- Born: Hasan al-Salahayn Salih al-Sha'ari 1975 (age 50–51) Derna, Libya
- Occupation: Senior Islamic State leader

= Abu Habib al-Libi =

Libyan man

Hasan al-Salahayn Salih al-Sha'ari (حسن الصلاحين صالح الشعري, born 1975), known as Abu Habib al-Libi (أبو حبيب الليبي), is a Libyan man who has been a senior Islamic State leader in both Iraq and Libya.

==History==

He was born in Derna, Libya in 1975.

==Iraq==

After the 2003 invasion of Iraq, he traveled from Libya to Iraq via Syria to fight coalition forces. He was a member of Al-Qaeda in Iraq since at least 2004 and was an associate of Abu Umar al-Tunisi since then. According to a description given by the United States Department of the Treasury, he was personally trained by Abu Musab al-Zarqawi.

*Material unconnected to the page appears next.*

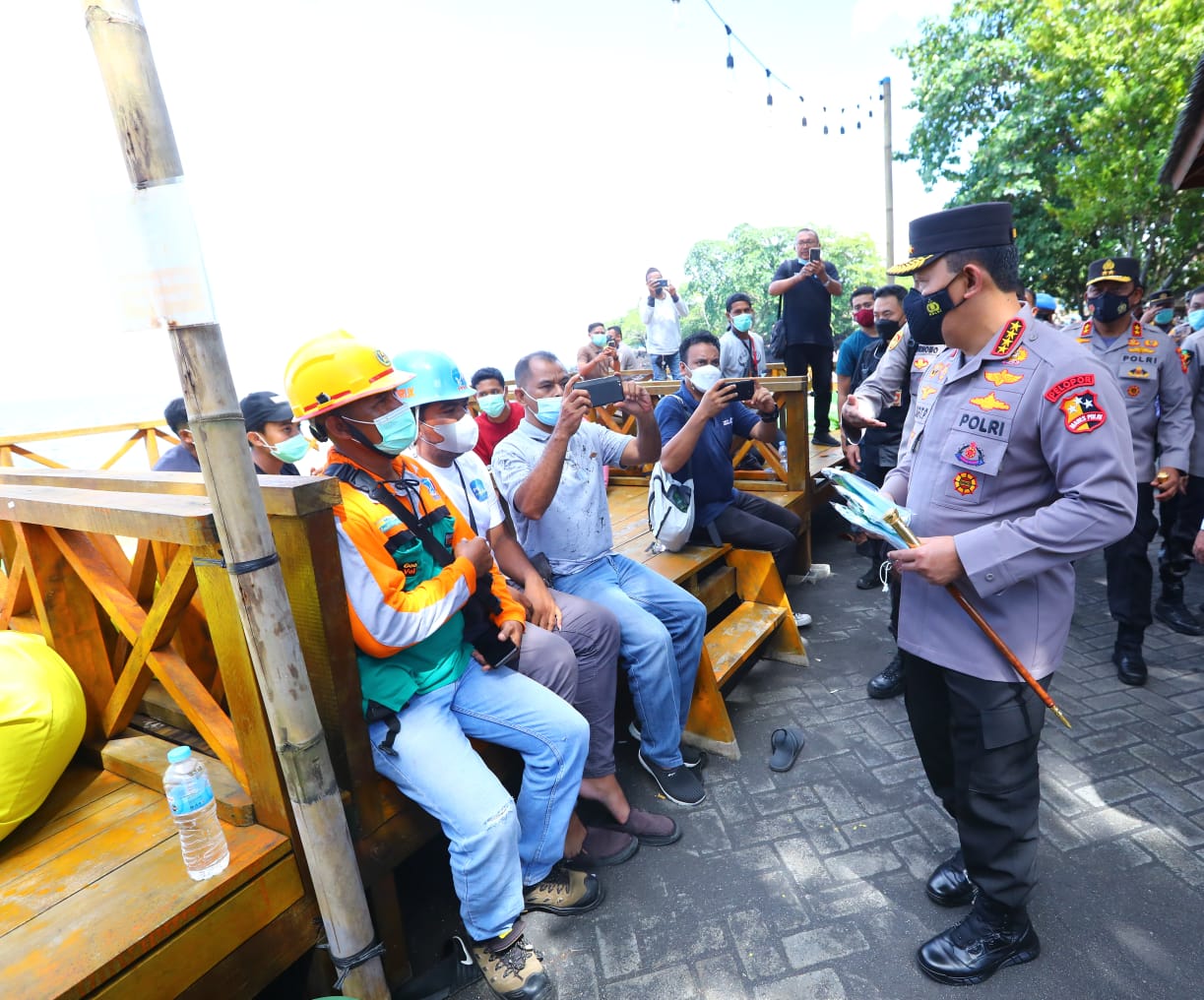 Selain meninjau vaksinasi massal, Sigit juga mengecek kepastian penerapan standar protokol kesehatan di Pantai Sulamadaha yang merupakan objek wisata di Maluku Utara.

He was captured by American forces in Al-Karābilah, Al Anbar Governorate on September 6, 2005. A press release at the time says he admitted to being the improvised explosive device emir of Karabilah, responsible for conducting numerous bombings against Coalition and Iraqi forces.

==Libya==

In mid-2012 he was freed from jail in Iraq and returned to Libya, where he continued to support IS, starting a branch of IS in Libya in late 2014. He provided Tunisian IS leader Abu Umar al-Tunisi hundreds of thousands of dollars and dispatched experienced, trusted personnel to aid him between late 2012 and early 2013.

By early 2014, he had given his oath of allegiance to IS leader Abu Bakr al-Baghdadi and in late 2014 he was leading IS military convoys in Derna, Libya.

===US and UN sanctions===
On 29 September 2015 he was made subject to sanctions by the United States Department of the Treasury. On 29 February 2016 he was sanctioned by the United Nations Security Council.